I quite liked the proof that 1/3 was actually equal to 0.333… by long division. Quite clever. But this won’t stop anyone saying its wrong because ‘you can’t finish’, even though we know that there’s no way any digit in the process can be anything but a 3. The results of infinite processes can be assumed based on obvious patterns.
Again, my mind boggles at this thread.
I think this is the core of your confusion right here, Phage. The limit concept is not ‘a way of introducing acceptable error’. It is a precisely defined mathematical concept introduced to define, not approximate, the sums of infinite series. One cannot individally add up an infinite number of terms; however, if the sequence of partial sums converges, the limit of that sequence is defined as the sum of the infinite series. To say that the ‘real’ total is actually ‘a little bit’ smaller is completely unfounded, as much so as to say that the ‘real’ limit of a convergent series is actually a little bit smaller than the limit value. There just isn’t any well-defined ‘little bit smaller number’ that it could be. The limit as n → infinity of (1 minus 1/10^n) is exactly one, by the definition of limits; and that means, by definition that the sum of 9/10^n as n goes from 1 to infinity is exactly one. It is irrelevant that the sum of any finite number of terms of this series is less than one–the sum of the infinite series is equal to one, using the only existing principled definition of ‘summing an infinite series’.
And kabbes, just quit with the formal number theory. You’re making me pine for grad school. 

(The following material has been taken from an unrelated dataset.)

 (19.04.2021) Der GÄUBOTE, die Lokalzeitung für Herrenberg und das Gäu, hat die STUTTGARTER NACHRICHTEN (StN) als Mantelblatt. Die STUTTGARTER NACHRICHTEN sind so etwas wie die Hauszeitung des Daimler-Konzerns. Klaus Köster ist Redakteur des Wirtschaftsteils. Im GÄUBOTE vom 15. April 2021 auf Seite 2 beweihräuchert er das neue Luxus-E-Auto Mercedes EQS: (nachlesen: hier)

I think limits are going to be a hard concept to work with as long as we have people suggesting that you cannot state, compute, or represent the results of any process that has an infinite number of terms, as if you had to compute each term individually.
The simple algebraic proof that 0.999… = 1 may at its heart have a limit of a sum of infinite converging terms, but the proof doesn’t need to go quite that in depth. We’re simply doing an infinite number of ‘operations’ in finite time by showing that there’s a repeating pattern.

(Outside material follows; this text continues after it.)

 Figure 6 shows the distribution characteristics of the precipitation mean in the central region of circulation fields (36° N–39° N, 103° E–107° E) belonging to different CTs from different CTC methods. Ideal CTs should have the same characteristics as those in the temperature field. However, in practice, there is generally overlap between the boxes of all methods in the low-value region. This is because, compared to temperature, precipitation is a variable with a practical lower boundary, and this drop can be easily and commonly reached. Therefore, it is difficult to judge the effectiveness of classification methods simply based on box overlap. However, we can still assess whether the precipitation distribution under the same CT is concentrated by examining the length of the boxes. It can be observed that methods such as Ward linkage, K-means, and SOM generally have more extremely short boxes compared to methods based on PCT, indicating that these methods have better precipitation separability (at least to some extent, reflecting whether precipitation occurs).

Simply being able to prove that 0.999… * 10 is 9.999… and that the calculation is doable at all seems to be the big stink, at least in Phage’s posts.

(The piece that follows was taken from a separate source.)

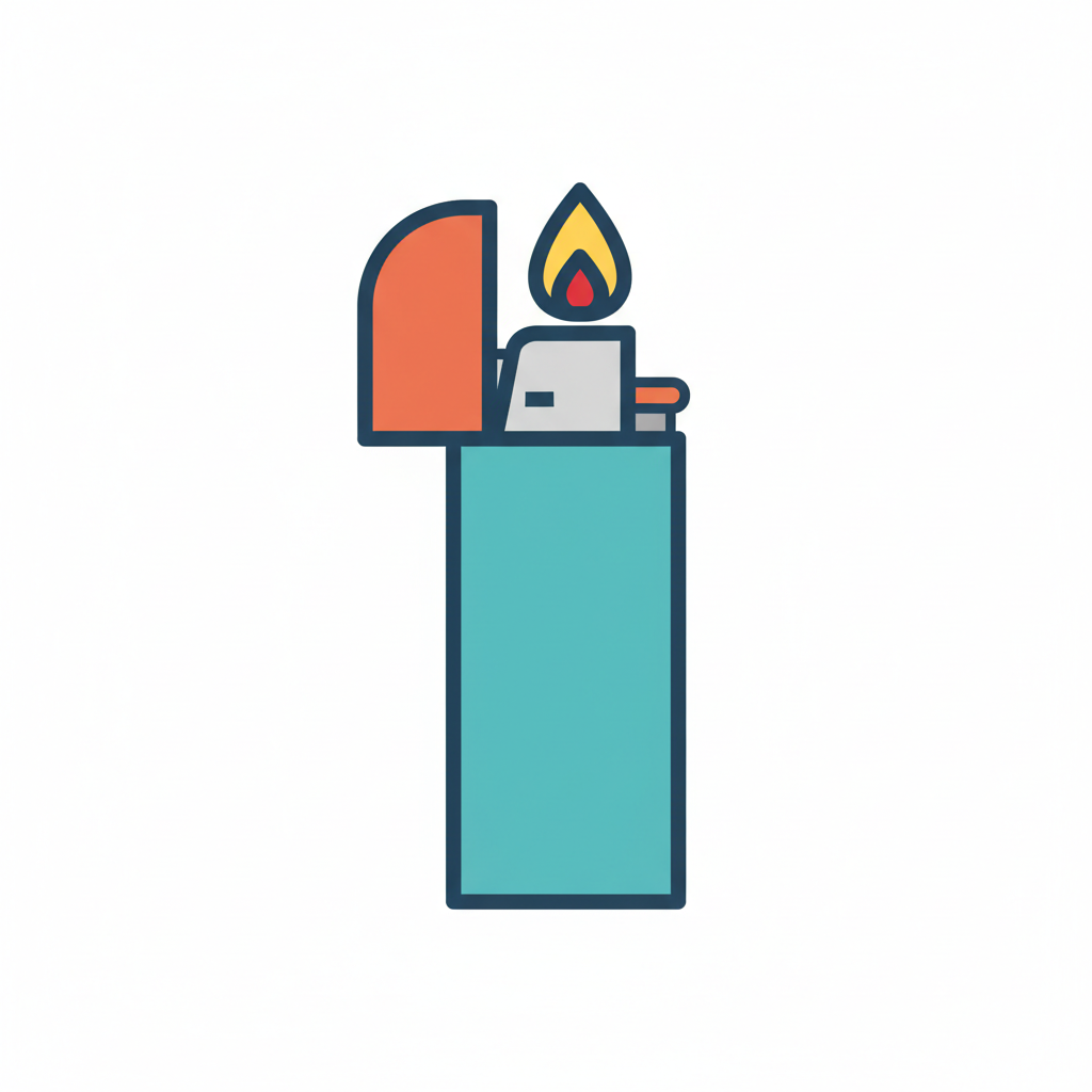 Ein gezeichnetes rotes Feuerzeug mit blauem Boden und brennender Flamme auf weißem Hintergrund.

Simply being able to show that 9.999… - 0.999… is equal to precisely 9 because everything after the decimal point must be zero digits is a similar process of infinite operations being done in finite time because there’s a repeating pattern.
I dunno. I guess my point is that we’re dragging out more and more complex proofs and definitions in math, and that is not going to convince those who eschew mathematical proof and a hundred years of history for intuition no matter how hard you try. They’re looking for an intuitive understanding, and maybe you’d have to go the other way, towards the simpler, not the more complex.
Tricky. Doable? Who knows.
But the algebraic proof requires far less ugly than formally using limits, provided you can get people to accept that assumptions on moving a decimal point or turning all those digits to 0’s through subtractions is valid.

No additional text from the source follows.